If there is one thing all adults agree on, it is this – the holidays suck. Compared to prior decades, the holidays are now more mercenary, less enjoyable, and start earlier and earlier, snuffing out the magic of the season. I am here to tell you: the holidays do not have to suck, but if they don’t, you aren’t doing them right. My grandfather emigrated from Ireland. He used to like to tell the old joke: “I came to America because I heard the streets were paved with gold. I got here to find out that the streets were not paved at all and I was expected to pave them.” We remember those magical holidays of our youth and wonder where they went.

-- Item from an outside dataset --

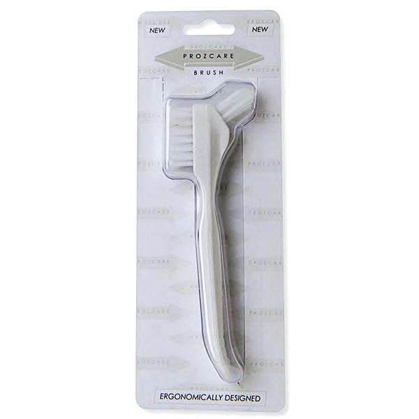 Prozcare Brush is specifically designed for removable dental appliances. It is ergonomically designed for easy grip with medium specially designed bristles that help to remove food debris, and narrow head bristles or the hard to reach areas.

Well, the truth is the holidays aren’t magic now – they weren’t magic then either.
The holidays were always hard work. Now, it’s your job to do the hard work to make them magical for downstream generations. Truth be told, holidays sucked for your parents and grandparents – now it is time to take up the task for your cohort. Worse still, all the work you put in will never measure up to the false, hazy memories of your childhood. We are spending a lot of time and a lot of effort and a lot of money to recreate memories that were probably not that good to begin with. You remember that great big pile of Hershey’s kisses you demolished at grandma’s house, but you forgot how sick you felt afterward. You recall the awesome thrill of the RC car you got, but forgot how it was broken before school resumed. The holiday season is one giant, doomed-to-fail effort of chasing the pecan-pie high you only think you had decades ago. It is of vital economic importance to the nation, and to the world, that gift-giving and presents suck.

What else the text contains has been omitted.